What is needed is an exact repetition of the lines below, from the first one through the one holding "However, height measurements", with no pictures and nothing else.

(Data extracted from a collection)
.....
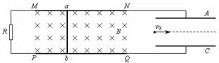 2.(18分)如图所示,MN和PQ是两根放在竖直面内且足够长的平行金属导轨,相距l=50cm。导轨处在垂直纸面向里的磁感应强度B=5T的匀强磁场中。一根电阻为r=0.1Ω的金属棒ab可紧贴导轨左右运动。两块平行的、相距d=10cm、长度L=20cm的水平放置的金属板A和C分别与两平行导轨相连接,图中跨接在两导轨间的电阻R=0.4Ω。其余电阻忽略不计。已知当金属棒ab不动时,质量m=10g、带电量q=-10-3C的小球以某一速度v0沿金属板A和C的中线射入板间,恰能射出金属板(g取10m/s2)。求:
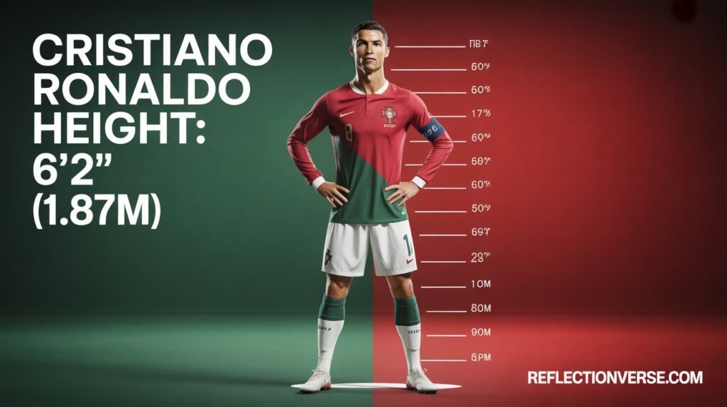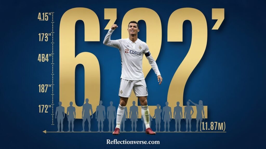 However, height measurements in sports can sometimes vary slightly depending on the source. Some listings show cristiano ronaldo height at 185 cm, while others confirm 187 cm. These minor discrepancies are common in sports documentation. The generally accepted figure remains around 6’2″.
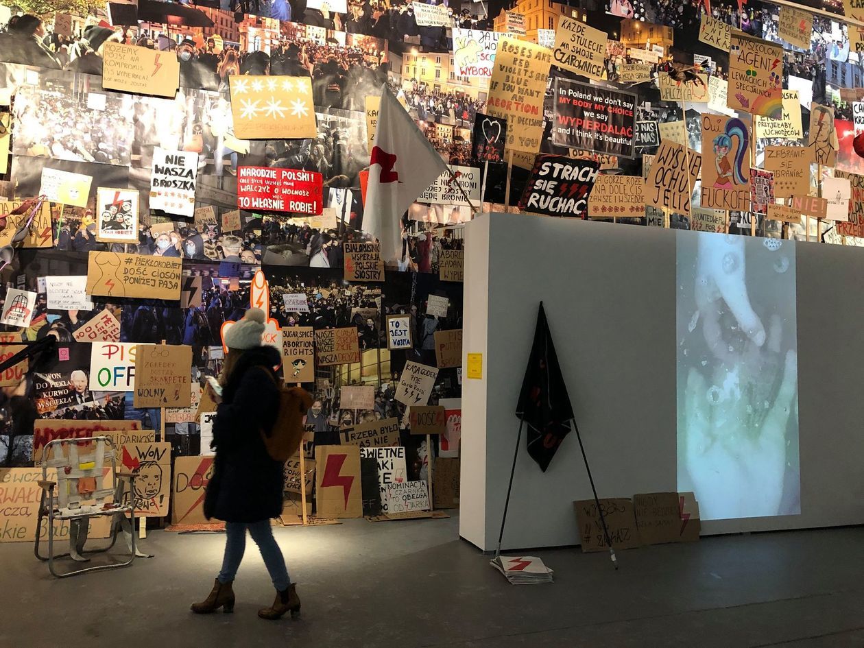 Ja tak zrobiłem i potraktowałem ją jako poboczny element znacznie ciekawszej „Nigdy nie będziesz szła sama”, która dokumentuje wielomiesięczne protesty po wyroku Trybunału Konstytucyjnego w sprawie ustawy o aborcji. Składa się na nią przede wszystkim ogromna ściana wypełniona po brzegi zdjęciami i transparentami z protestów (podobno przynosili je ludzie), której towarzyszy kilka innych elementów mocno bijących w rząd.
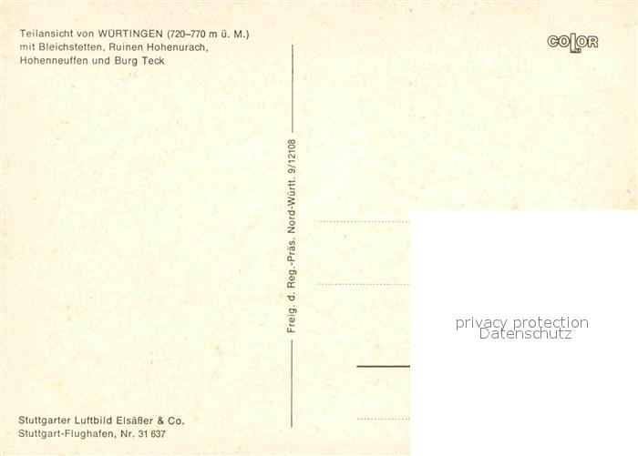 72832162 Wuertingen Fliegeraufnahme Bleichstetten Ruinen Hohenurach Hohenneuffen Burg-Teck postalisch nicht gelaufen Erhaltung siehe scans [LiesaD40] KatCode: 11110008415093
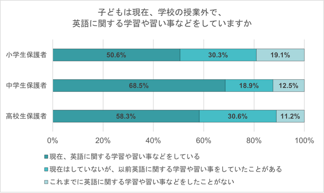 小学1年生〜高校3年生の保護者に、子どもは現在、学校の授業外で、英語に関する学習や習い事をしているか、聞いたところ、小学生保護者の50.6%、中学生保護者の68.5%、高校生保護者の58.3%が「現在、英語に関する学習や習い事などをしている」と回答した。また、小学生保護者と高校生保護者の約3割が「現在はしていないが、以前英語に関する学習や習い事をしていたことがある」と回答した。
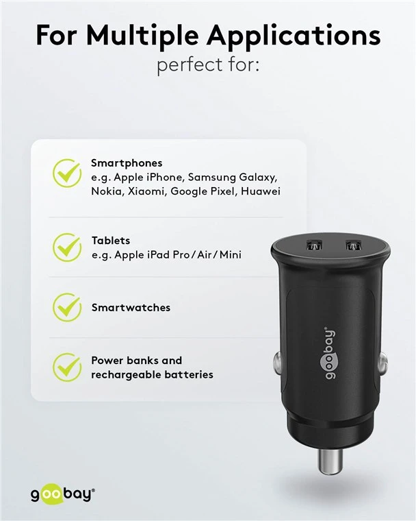 Compatible with smartphones like Apple iPhone, Samsung Galaxy, Nokia, Xiaomi, Google Pixel, LG, Huawei, Blackberry, tablets like Apple iPad Pro / Air / Mini, power banks and external batteries
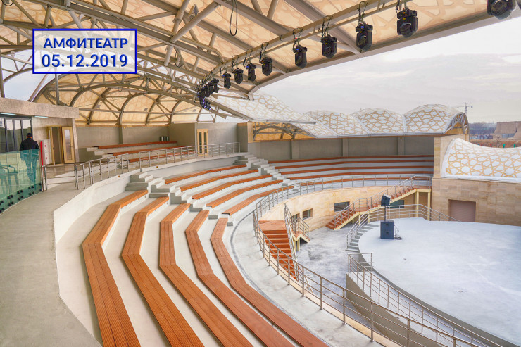 Амфитеатр — это подарок от Мангистауской области. Здание, расположенное в духовно-культурной зоне областного центра, рассчитано на 1 000 мест. Уникальность строения в том, что амфитеатр возведен под открытым небом в историческо-современном стиле.
.....
PROBLEM SOLUTION ->
 2.(18分)如图所示,MN和PQ是两根放在竖直面内且足够长的平行金属导轨,相距l=50cm。导轨处在垂直纸面向里的磁感应强度B=5T的匀强磁场中。一根电阻为r=0.1Ω的金属棒ab可紧贴导轨左右运动。两块平行的、相距d=10cm、长度L=20cm的水平放置的金属板A和C分别与两平行导轨相连接,图中跨接在两导轨间的电阻R=0.4Ω。其余电阻忽略不计。已知当金属棒ab不动时,质量m=10g、带电量q=-10-3C的小球以某一速度v0沿金属板A和C的中线射入板间,恰能射出金属板(g取10m/s2)。求:
 However, height measurements in sports can sometimes vary slightly depending on the source. Some listings show cristiano ronaldo height at 185 cm, while others confirm 187 cm. These minor discrepancies are common in sports documentation. The generally accepted figure remains around 6’2″.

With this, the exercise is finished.